Towards the end of the year my father came to find us. He found us a place in a Chinese hotel. He also got work with a Chinese employer and we began to have hope of getting back to Japan. But in early 1946, my father caught a cold, or so we thought. Sick with typhus, he died on January 12. My mother, who had nursed him, also caught typhus and died a few weeks later on March 4. My ten-year-old brother and I (now 13) were orphans.
Before my mother’s death, the Chinese man my father worked for helped my mother with the cremation of my father’s body. I wanted to put his ashes somewhere holy so I went very secretly to the temple and when I thought no one was watching, I dug a little hole and left them there.
There were many orphaned children like us. We were not left without help. Much of it came from a Zen Buddhist temple where people made sure we had food and shelter, and arrangements were made to get us to Japan. We went on the first ship to sail to Japan after the war. It took a week.

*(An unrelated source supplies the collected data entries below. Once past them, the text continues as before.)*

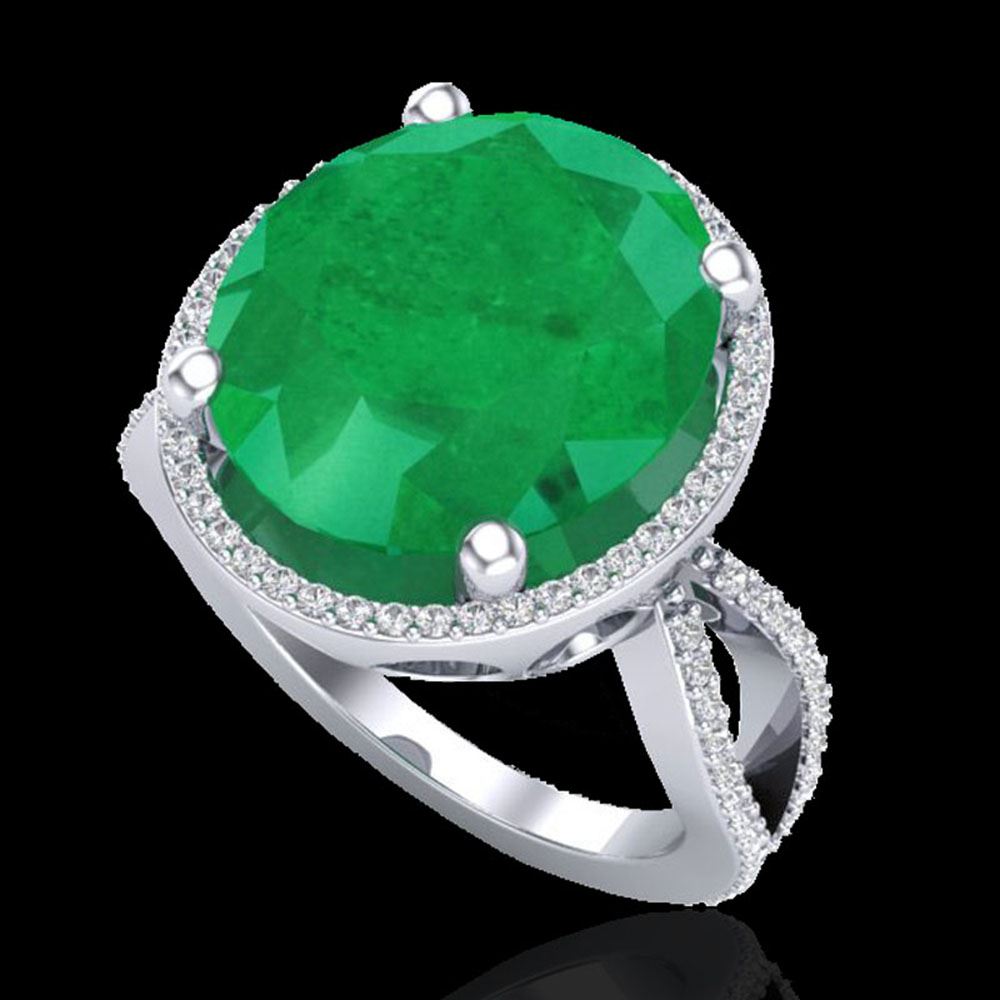 REF-143F6M - SKU: 20960 ---- 12 ctw Emerald & Micro Pave VS/SI Diamond Ring 18k White Gold
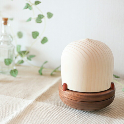 明りを灯すと、木目を通して温かい光が溢れだします。このランプにスイッチはなく、どんぐりのどこかに触れるだけで明りが灯るようになっていて、小さな子供でも簡単につけられます。
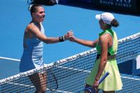 Madison Keys, right, of the U.S. is congratulated by Oleksandra Oliynykova of Ukraine following their first round match at the Australian Open tennis championship in Melbourne, Australia, Tuesday, Jan. 20, 2026. (AP Photo/Asanka Brendon Ratnayake)

We were looked after by the Japanese Welfare Authority. Most of the children were taken by their relations. Two months later my elder brother returned to our home town in Hokkaido. When he heard about our parents’ death and that my young brother and I had returned to Japan, he came to Hakata to take us to Hokkaido. This elder brother died two years later.
While waiting for our relations to take us we went to school. One of the teachers there was a Catholic lady, Setsuko, who cared for us as well as taught us. She had been baptised by Father Flynn, an Australian priest in Hakata. He was one of the Australian priests who responded to the appeal of Bishop Yamaguchi of Nagasaki to help rebuild his diocese after the devastation of the 1945 atomic bomb.
Father Flynn introduced Setsuko to the Good Samaritan Sisters who had also responded to Bishop Yamaguchi’s appeal. Setsuko worked with the Sisters in Nagasaki and later in Sasebo at their newly established kindergarten.
I had been in Hokkaido for five years and was wondering what to do with my life. Setsuko invited me to Nagasaki and it was there that I met the Sisters. I still remember the strong impression they made on me. I was not Catholic, but felt something happened to me.
I began learning about the Christian life. Two years later I went to Sasebo and worked with the Sisters. On Christmas Day 1952 I was baptised in front of the Sisters. I had a wish to join them. It kept growing, but many obstacles were in my way: my poor health, due to lack of nourishment because there was no good food in Japan; I had no money because I didn’t have parents; and my education had stopped because of the war.
When I visited the Sisters again, they were busy with preparations for the opening of Seiwa High School and I was asked to help. I had no special reason to refuse, so accepted.
After working with the Sisters for a year, I began my education at Sasebo which was followed by five years’ study at university. After my graduation I worked as a teacher at Sasebo and became a Good Samaritan aspirant. Three years later, in 1964, I became a Good Samaritan postulant. This was the beginning of my life as a Good Samaritan Sister.
Whenever people sympathise with me for what I suffered in China, I answer in my mind: Japan did serious wrongs as a colonial ruler. When Japan invaded China and Korea, millions of people suffered terrible pain.
I offer my sufferings in China, the death of my parents – the loss of everything, as compensation for what Japan did. It is my small sacrifice.
* Good Samaritan Sister Theresia Hiranabe has a background in secondary school teaching, adult faith formation and pastoral work in Japan. Now retired, she lives in Nara and is involved in adult faith formation, catechetics and scripture studies.